The madcap all-ages mayhem opens with ‘The Archer Hits the Target’ wherein the Caped Crusader escapes an bizarre bowman’s death-trap through a liberal application of “batdope” after which the ‘The Riddler Riddles’ provide a page-full of wicked brainteasers. ‘The Joker Laughs Last’ but still fails in pulling off a million-dollar bank raid and we take a quick break by enjoying some arcane natural history facts in featurette ‘How Odd!’

An invasion of animated umbrellas presages ‘The Penguin’s Biggest Flap’ but once he’s properly thumped a brace of divertissements begins with more gags in ‘The Caped Crusader’s Conundrums’ and ends with speed records quiz ‘Fast, Faster, Fastest’ after which the Gotham Gangbusters scupper a modern buccaneer and leave ‘No Plunder for the Pirate’…

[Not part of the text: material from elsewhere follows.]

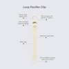 Stop the drop! Designed to keep pacifiers within reach and off the floor, our Loop Pacifier Clip features a handy one-handed clipping mechanism and a flexible silicone ring that securely attaches to all BIBS pacifiers. BPA-Free. Ages 0+ months.
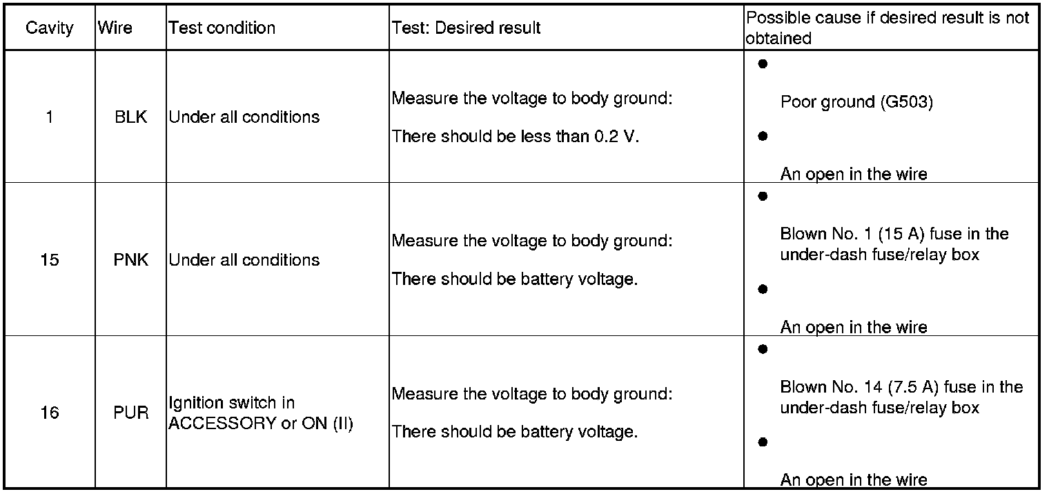 - If the input test proves OK, the HandsFreeLink control unit must be faulty; replace it.

A fact-file on ‘Queer Birds’ then leads into gripping board-game ‘Catch the Joker’ (still got those counters and dice?) whilst a sartorially superior super-crook meets his match when ‘Batman Buttonholes the Gent’ after which the not-so-Dark Knight offers a lecture on natural gimmicks and animal adaptations in ‘Crime Fighters, Please Note’.

‘Bus Ride – by Water’ is a photo-feature on hovercraft and ‘Know your Sports’ tests your knowledge on games before the Bird Bandit bounces back in ‘A Parry for the Penguin’, kidnapping Commissioner Gordon and Chief O’Hara before a second seductive board-game pits the Caped Crimebusters against the Fowl Felon and Mountebank of Mirth who are ‘Cruising for a Bruising’…

‘No Safety in Numbers’ examines conspiracies from Guy Fawkes to the German plot to kill Hitler via the betrayal of Jesse James, whilst ‘Sharpen your Mind’ provides another batch of riddles before we charge back into action as Batman rescues Bruce Wayne‘s Aunt Harriet from a medieval-themed malcontent in ‘A Bleak Outlook for the Black Knight’…

‘A Joke Isn’t a Joke’ offers another board-game and language-skills are tested in ‘Every Kind of Bat’ and crossword ‘Words Up and Down’ before a deadly card-based cad hits town and ‘Batman Outshines the Ace’ after which another photo-spread details the job of divers in ‘Splash! It’s the Police’ and the underwater theme concludes with ‘The Penguin’s Fishy Facts’…

‘Wiping the Smile from the Smiler’s Face’ finds Batman battling a bomb-planting maniac after which general knowledge is assessed in ‘Battle of Wits’ and the Dynamic Duo become ‘Big Game for the Catwoman’ (and her sultry Cat-Girls!) before we all suffer the corny pangs of wit from ‘The Joker Jokes’…

This quirky fun-fest then concludes on a high note (A-flat, I suspect) as ‘The Minstrel Plays it Hot’ but still falters before the keen wits and fast fists of Batman and Robin…

Odd and truly daft, this titanic tome is probably only of interest to comics completists and incurable nostalgics, but I’ll bet there are more of us than anybody suspects out there and what’s wrong with a little sentiment-soaked reminiscing anyway?